===== RECORDED INFORMATION =====

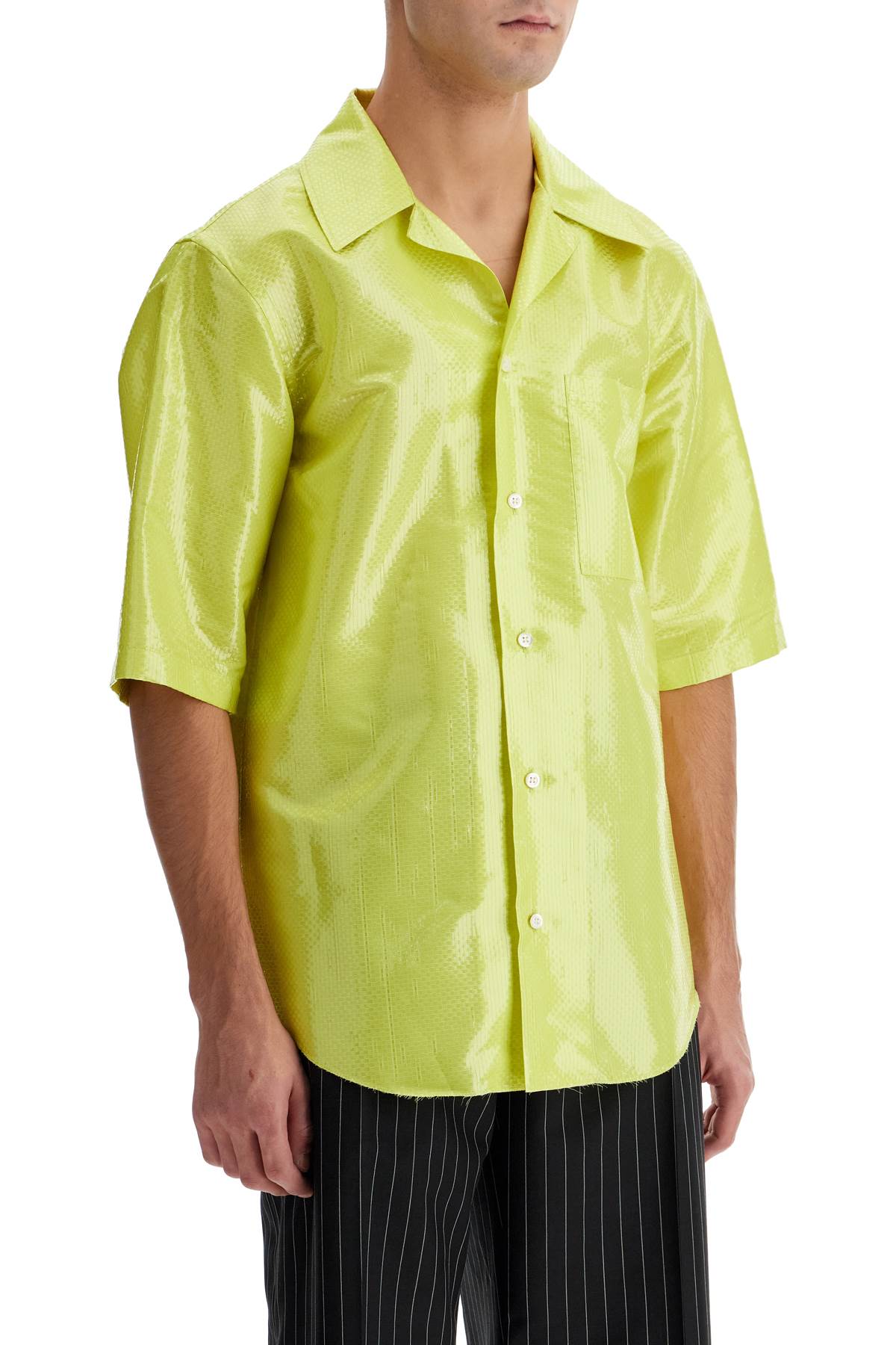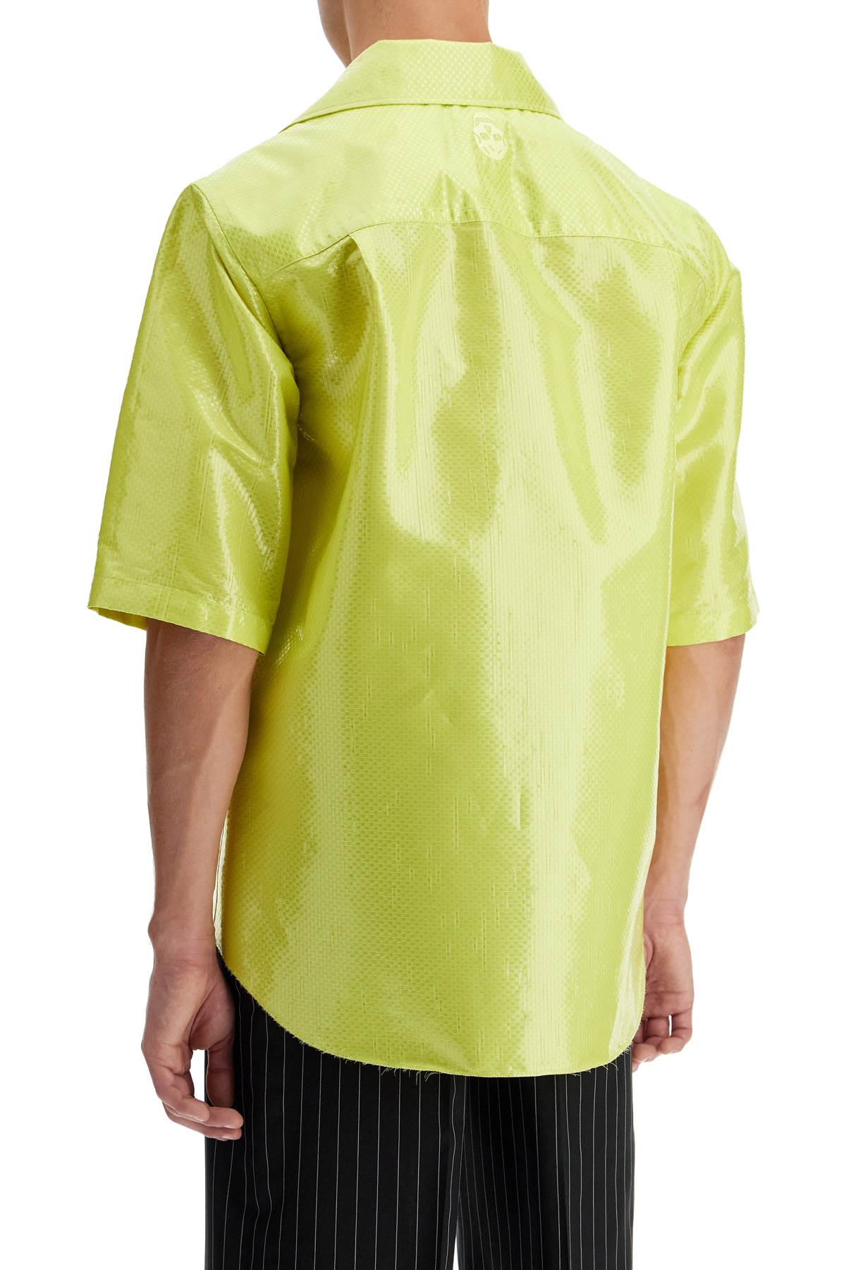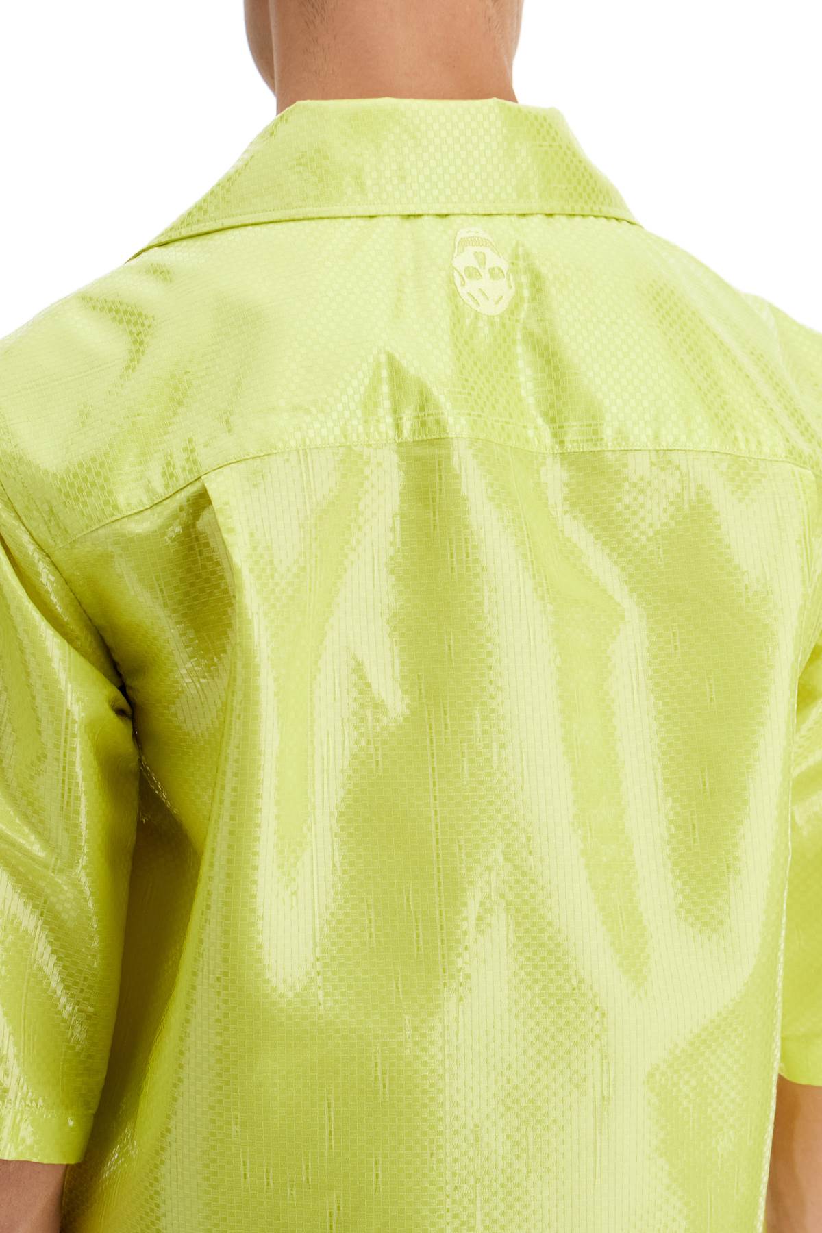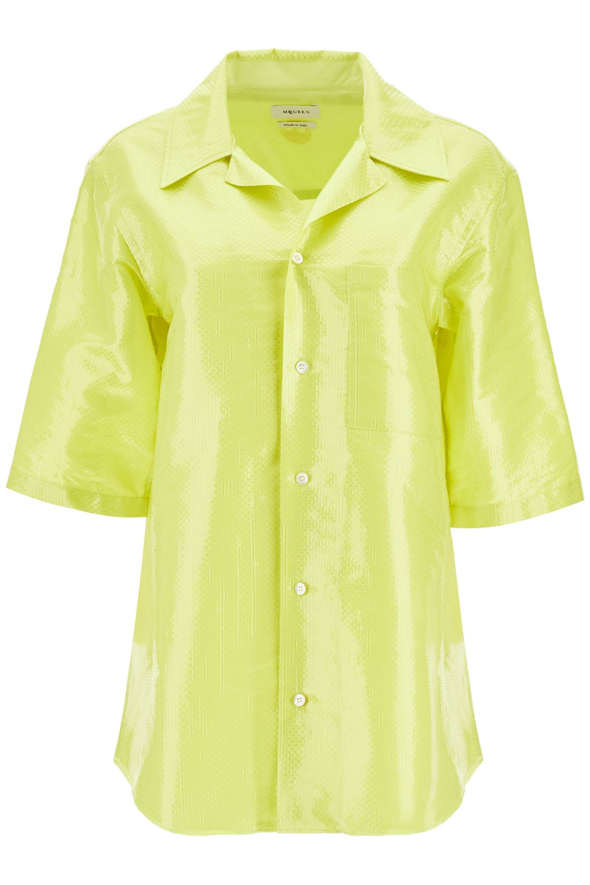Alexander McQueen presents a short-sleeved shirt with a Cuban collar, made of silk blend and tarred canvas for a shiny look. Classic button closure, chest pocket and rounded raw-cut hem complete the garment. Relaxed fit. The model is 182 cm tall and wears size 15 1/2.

=====
===== RECORDED INFORMATION =====

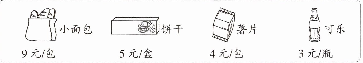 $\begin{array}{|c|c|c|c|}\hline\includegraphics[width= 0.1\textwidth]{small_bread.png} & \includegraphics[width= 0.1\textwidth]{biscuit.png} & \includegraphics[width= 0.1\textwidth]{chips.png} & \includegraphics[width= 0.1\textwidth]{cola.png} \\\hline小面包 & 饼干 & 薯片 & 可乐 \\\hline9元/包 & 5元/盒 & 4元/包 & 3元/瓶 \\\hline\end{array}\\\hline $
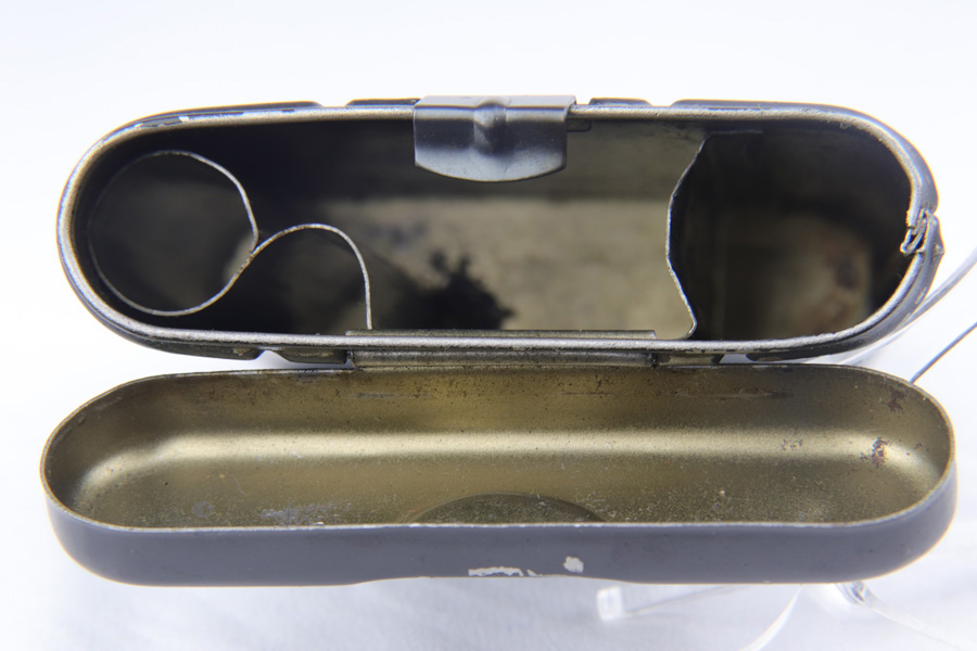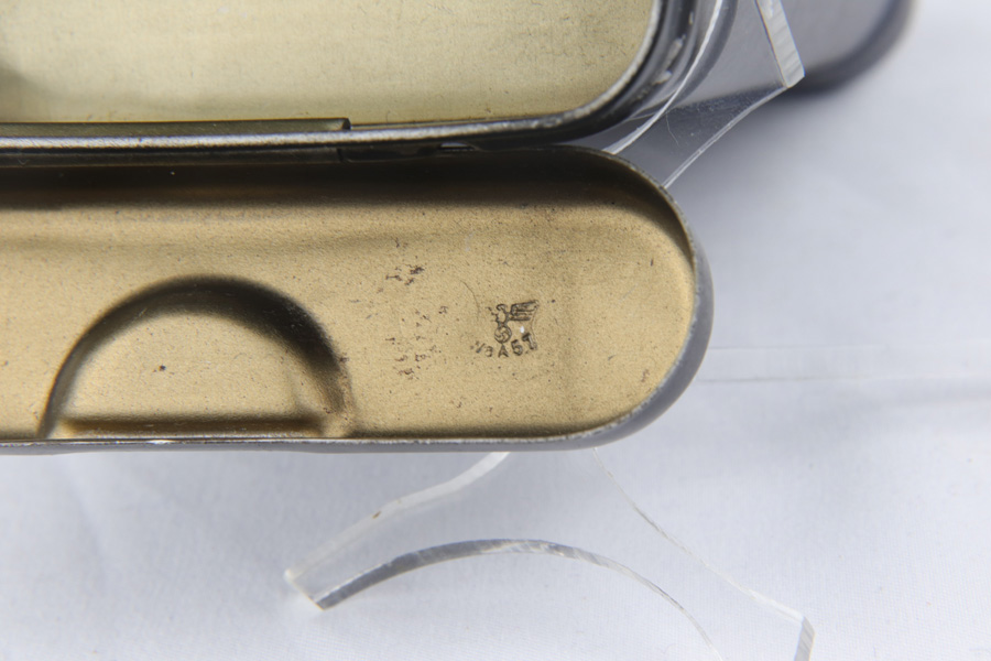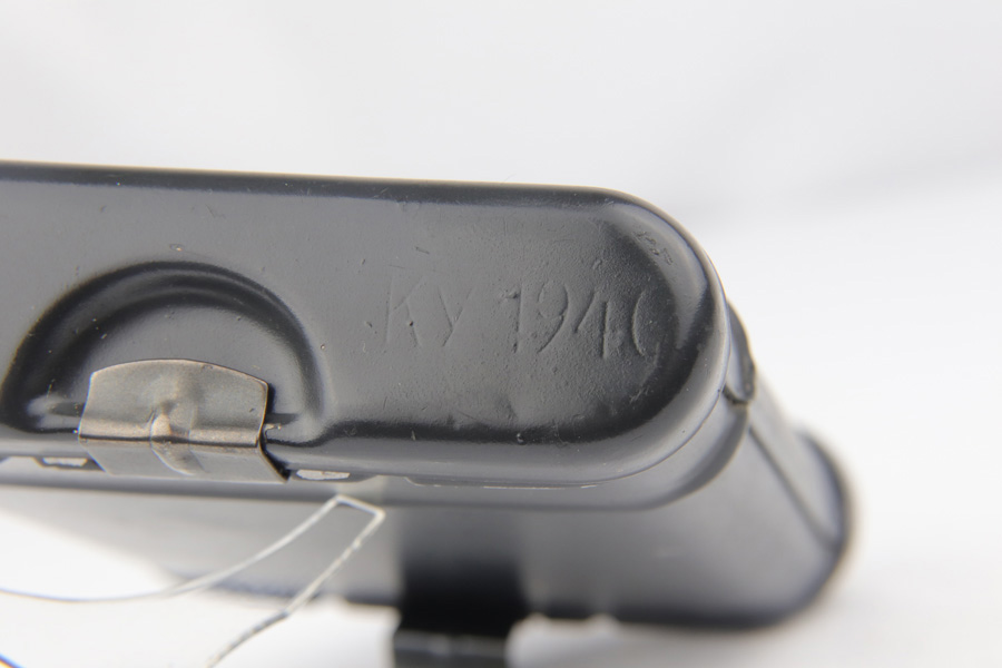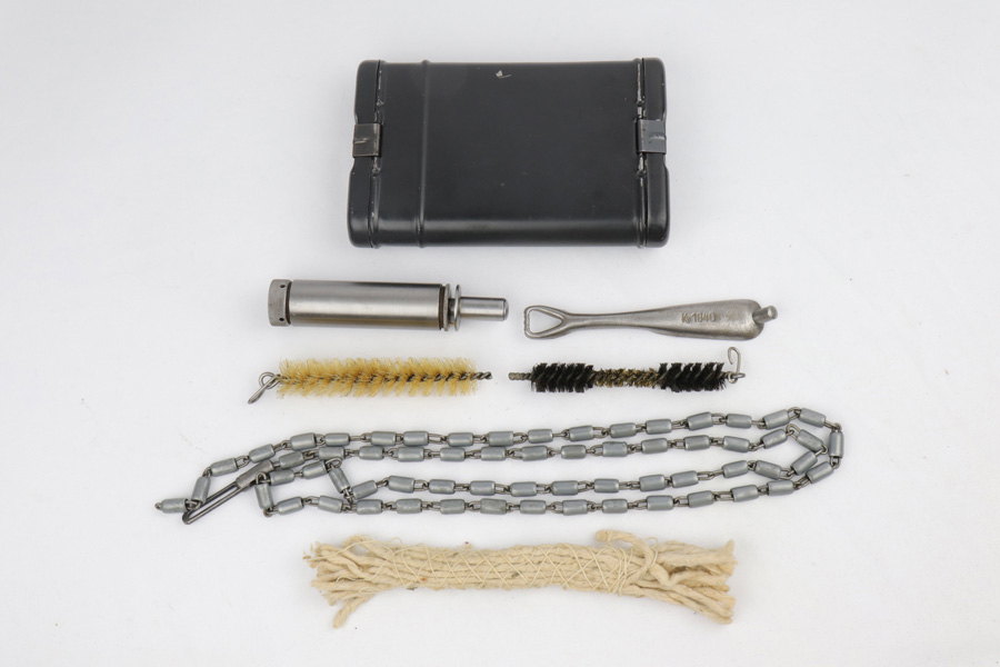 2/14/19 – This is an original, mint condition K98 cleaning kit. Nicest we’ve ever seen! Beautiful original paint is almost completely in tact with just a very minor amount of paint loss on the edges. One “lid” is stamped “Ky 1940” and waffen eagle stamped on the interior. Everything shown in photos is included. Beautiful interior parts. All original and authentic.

=====
===== RECORDED INFORMATION =====

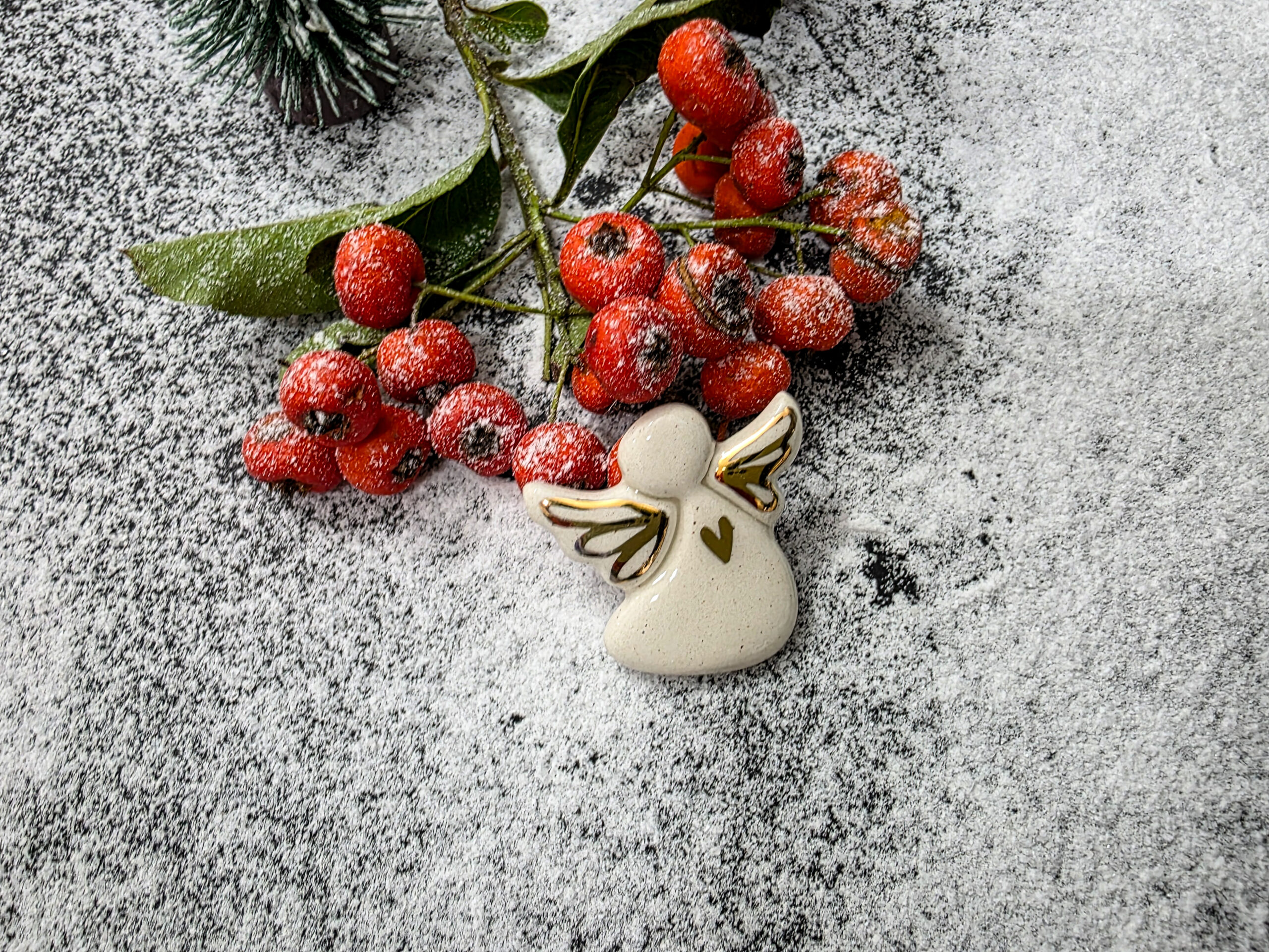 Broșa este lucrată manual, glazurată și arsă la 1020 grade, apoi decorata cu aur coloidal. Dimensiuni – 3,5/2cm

=====

**PROBLEM TO SOLVE**: Work from the entries above. Set down exactly and only the lines from the line with "可乐 \\\hline9元/包 &" to the line with "2/14/19 – This", both included, and leave the pictures out.

**EXERCISE SOLUTION**:
 $\begin{array}{|c|c|c|c|}\hline\includegraphics[width= 0.1\textwidth]{small_bread.png} & \includegraphics[width= 0.1\textwidth]{biscuit.png} & \includegraphics[width= 0.1\textwidth]{chips.png} & \includegraphics[width= 0.1\textwidth]{cola.png} \\\hline小面包 & 饼干 & 薯片 & 可乐 \\\hline9元/包 & 5元/盒 & 4元/包 & 3元/瓶 \\\hline\end{array}\\\hline $
 2/14/19 – This is an original, mint condition K98 cleaning kit. Nicest we’ve ever seen! Beautiful original paint is almost completely in tact with just a very minor amount of paint loss on the edges. One “lid” is stamped “Ky 1940” and waffen eagle stamped on the interior. Everything shown in photos is included. Beautiful interior parts. All original and authentic.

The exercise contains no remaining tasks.